Current integrated VR devices, such as Oculus Rift, usually include modules of optics, display, sensing, and computing, which is costly for common consumers. Therefore, we take advantage of smartphones that everyone has, and 20-dollar Baofeng helmets offer necessary lenses. In the aforementioned 3D environment, the viewpoint is initialized in the center of the cave, and what we see in the first place is Sakyamuni. Generally speaking, we need to estimate the user’s motion and pose in VR systems by various sensors, thus the new viewpoint can be updated and stay consistent with real life customs. The Inertial Measurement Unit (IMU), including accelerators and gyros, is crucial for pose estimation. Since the displacement is integrated twice from the acceleration, while the angle is integrated only once from the angular velocity, gyro data is utilized in our system to avoid considerable error accumulation.

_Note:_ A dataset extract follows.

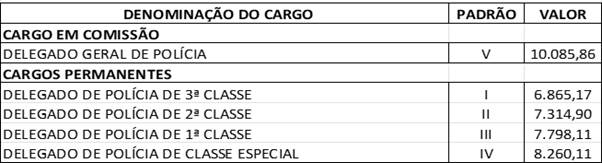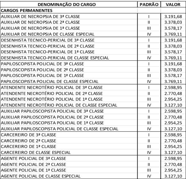 | DENOMINAÇÃO DO CARGO | PADRÃO | VALOR ATUAL |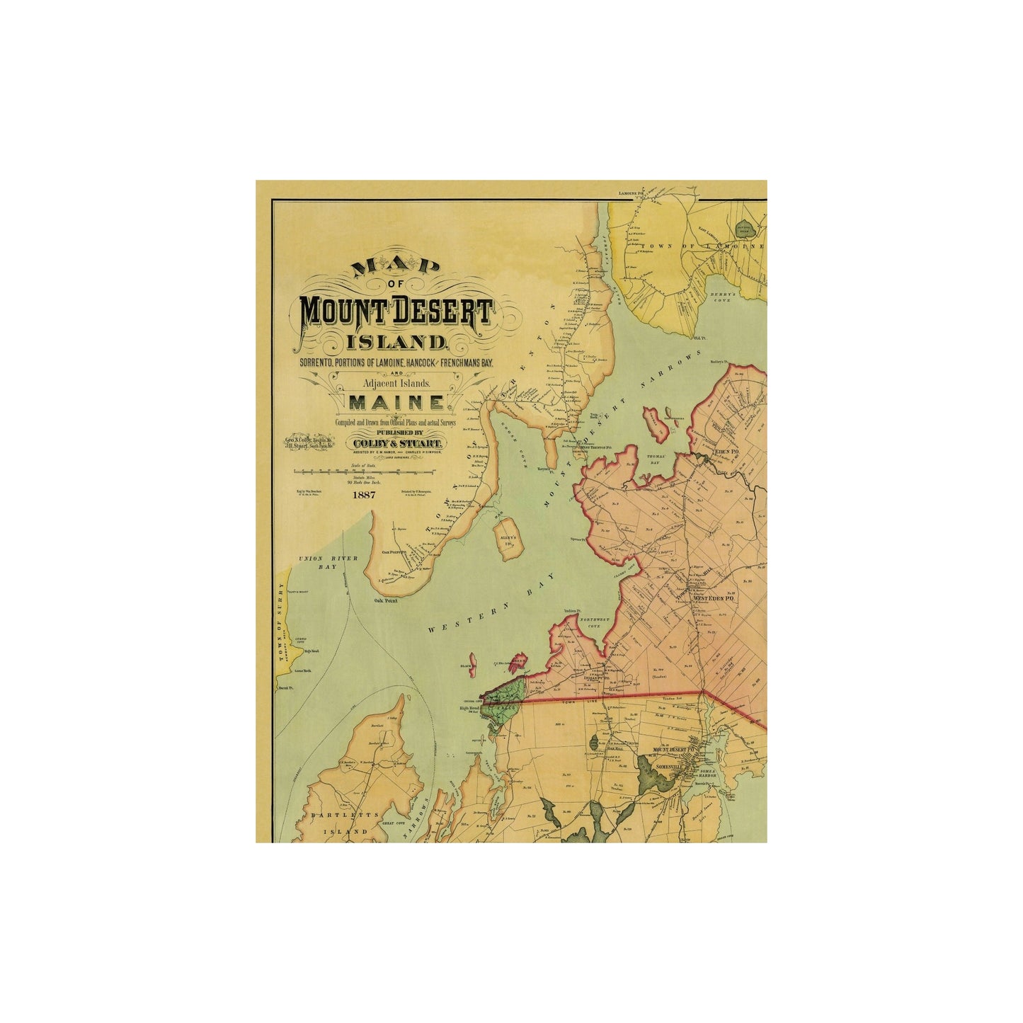 Historic City Map - Mount Desert Island Maine County - Colby 1887 - 23 x 29.81 - Vintage Wall Art

As for user pose estimation, denote the raw, pitch, and yaw angles at time \(t_1\) by \(\alpha _{r}\left( t_1\right) \), \(\alpha _{p}\left( t_1\right) \), and \(\alpha _{y}\left( t_1\right) \) respectively. Then denote the raw, pitch, and yaw angular velocities at time t by \(\omega _{r}\left( t\right) \), \(\omega _{p}\left( t\right) \), and \(\omega _{y}\left( t\right) \) respectively. Thus the new raw, pitch, and yaw angles at time \(t_2\), i.e., \(\alpha _{r}\left( t_2\right) \), \(\alpha _{p}\left( t_2\right) \), \(\alpha _{y}\left( t_2\right) \) can be calculated by:

$$\begin{aligned} \alpha _{r,p,y}\left( t_2\right)= & {} \alpha _{r,p,y}\left( t_1\right) + \int _{t_1}^{t_2} {\omega _{r,p,y}\left( t\right) dt} \end{aligned}$$
(1)

We implement these computation by C# script codes in Unity3D with the help of ALPSVR package, and the rotation of the viewpoint is measured by quaternions. As a form of extended complex numbers, quaternions make interpolation smoother, and avoid the problem of gimbal lock. Multiple rotations can be represented by quaternion multiplication. The viewpoint parameters in Unity3D will be updated after this computation. The Euler angles of roll \(\alpha _{r}\), pitch \(\alpha _{p}\), and yaw \(\alpha _{y}\) can be converted into quaternions as follows:

$$\begin{aligned} q= & {} \left[ \begin{array}{c} q_0 \\ q_1 \\ q_2 \\ q_3 \end{array} \right] = \left[ \begin{array}{c} \cos {\left( \frac{\alpha _{y}}{2}\right) } \\ 0 \\ 0 \\ \sin {\left( \frac{\alpha _{y}}{2}\right) } \end{array} \right] \left[ \begin{array}{c} \cos {\left( \frac{\alpha _{p}}{2}\right) } \\ 0 \\ \sin {\left( \frac{\alpha _{p}}{2}\right) } \\ 0 \end{array} \right] \left[ \begin{array}{c} \cos {\left( \frac{\alpha _{r}}{2}\right) } \\ \sin {\left( \frac{\alpha _{r}}{2}\right) } \\ 0 \\ 0 \end{array} \right] \end{aligned}$$
(2)

3.2 Localization Design of Free Walking

IMU-based head tracking can achieve good results, because the new viewing orientation is consistently updated by angular velocity integral. However, there are drawbacks such as error accumulation and viewpoint immobilization. Tourists cannot appreciate the statues from different perspectives despite horizontal displacement. Therefore, we exploit TenYoun motion capture system with reflective markers on the helmet to realize virtual tours of high precision. This passive system consists of 12 near infrared cameras of high sensitivity capturing the reflective markers stuck on the moving object in real time. Motion capture of high precision is achieved by reconstructing trajectories of marker and object motion. In our implementation, four fixed markers (two on the X axis, one on the Y and Z axes) are stuck on the Baofeng helmet as a rigid body, thus 3D rotational and translational transformation matrices can be computed and applied to the coordinates of the viewpoint.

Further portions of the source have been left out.